Segment Open
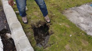 Di lokasi parkiran, tumpukan rumput kering berserak, ditambah material sisa bangunan ada yang menumpuk bahkan menutupi rambu-rambu yang telah dibuat di lantai lokasi parkir.
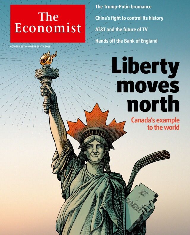 今週のThe Economistはカナダを特集しています。移民の受け入れにも、自由貿易にも積極的なカナダこそ、自由の女神が世界に照らす「自由」を名乗るに相応しいと言いたいようです。
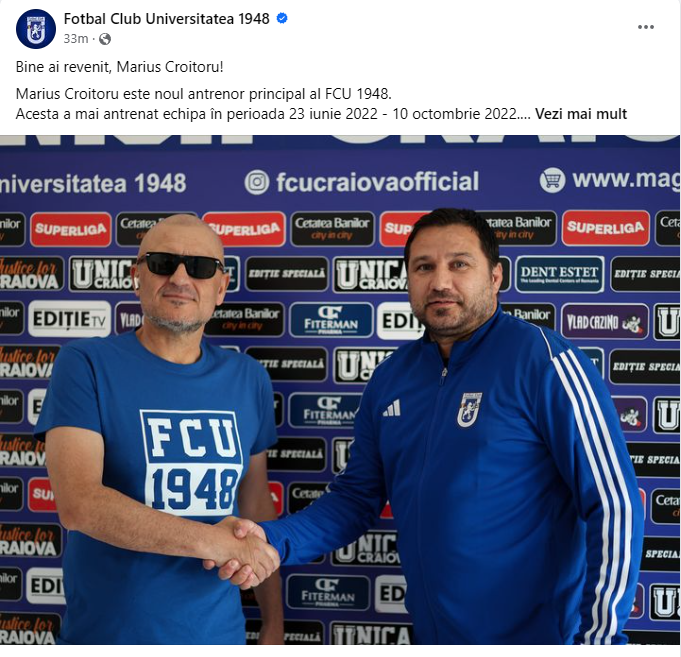 Marius Croitoru este noul antrenor principal al FCU 1948. Acesta a mai antrenat echipa în perioada 23 iunie 2022 – 10 octombrie 2022.
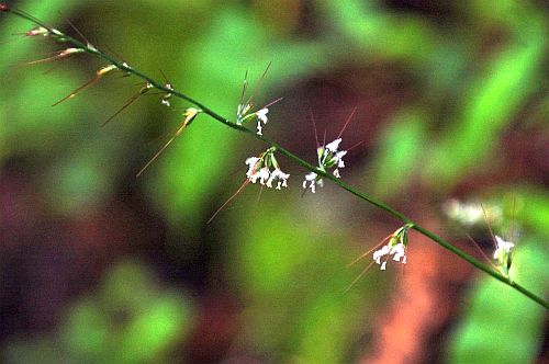 博物館の裏手の山陰の暗い環境に、チジミザサの花が見られました。 花と言っても、チジミザサの場合、イネ科チジミザサ属の多年草なので、イネの仲間と同じような、花びらのないものになります。
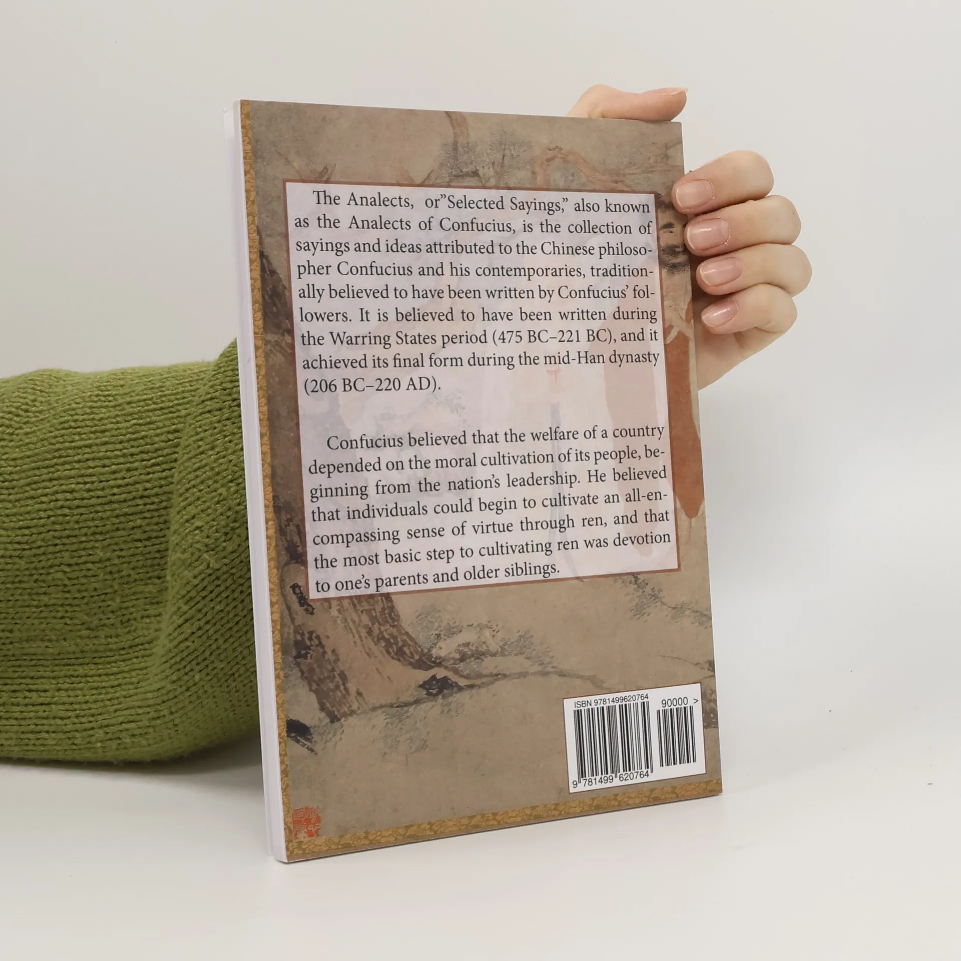 The Analects, or "Selected Sayings"), also known as the Analects of Confucius, is the collection of sayings and ideas attributed to the Chinese philosopher Confucius and his contemporaries, traditionally believed to have been written by Confucius' followers. It is believed to have been written during the Warring States period (475 BC–221 BC), and it achieved its final form during the mid-Han dynasty (206 BC–220 AD).Confucius believed that the welfare of a country depended on the moral cultivation of its people, beginning from the nation's leadership. He believed that individuals could begin to cultivate an all-encompassing sense of virtue through ren, and that the most basic step to cultivating ren was devotion to one's parents and older siblings.
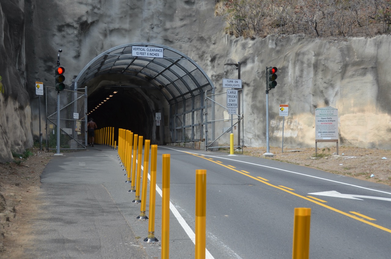 We passed through the tunnel of the Diamond Head wall. The tunnel itself was a single lane vehicle tunnel. It was very cool by comparison in the cool tunnel; a welcome respite from the heat of the walk so far.
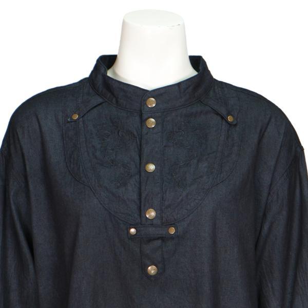 龍の刺繍をあしらったヘンリーネックシャツ。
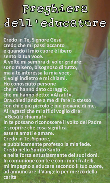 *Preghiera dell’educatore, immancabile per chi vuole mettersi in sintonia con Colui che è già in alto!
Segment Closed
Prompt →
Every entry should be returned exactly as written, minus the pictures.

Exercise response →
 Di lokasi parkiran, tumpukan rumput kering berserak, ditambah material sisa bangunan ada yang menumpuk bahkan menutupi rambu-rambu yang telah dibuat di lantai lokasi parkir.
 今週のThe Economistはカナダを特集しています。移民の受け入れにも、自由貿易にも積極的なカナダこそ、自由の女神が世界に照らす「自由」を名乗るに相応しいと言いたいようです。
 Marius Croitoru este noul antrenor principal al FCU 1948. Acesta a mai antrenat echipa în perioada 23 iunie 2022 – 10 octombrie 2022.
 博物館の裏手の山陰の暗い環境に、チジミザサの花が見られました。 花と言っても、チジミザサの場合、イネ科チジミザサ属の多年草なので、イネの仲間と同じような、花びらのないものになります。
 The Analects, or "Selected Sayings"), also known as the Analects of Confucius, is the collection of sayings and ideas attributed to the Chinese philosopher Confucius and his contemporaries, traditionally believed to have been written by Confucius' followers. It is believed to have been written during the Warring States period (475 BC–221 BC), and it achieved its final form during the mid-Han dynasty (206 BC–220 AD).Confucius believed that the welfare of a country depended on the moral cultivation of its people, beginning from the nation's leadership. He believed that individuals could begin to cultivate an all-encompassing sense of virtue through ren, and that the most basic step to cultivating ren was devotion to one's parents and older siblings.
 We passed through the tunnel of the Diamond Head wall. The tunnel itself was a single lane vehicle tunnel. It was very cool by comparison in the cool tunnel; a welcome respite from the heat of the walk so far.
 龍の刺繍をあしらったヘンリーネックシャツ。
 *Preghiera dell’educatore, immancabile per chi vuole mettersi in sintonia con Colui che è già in alto!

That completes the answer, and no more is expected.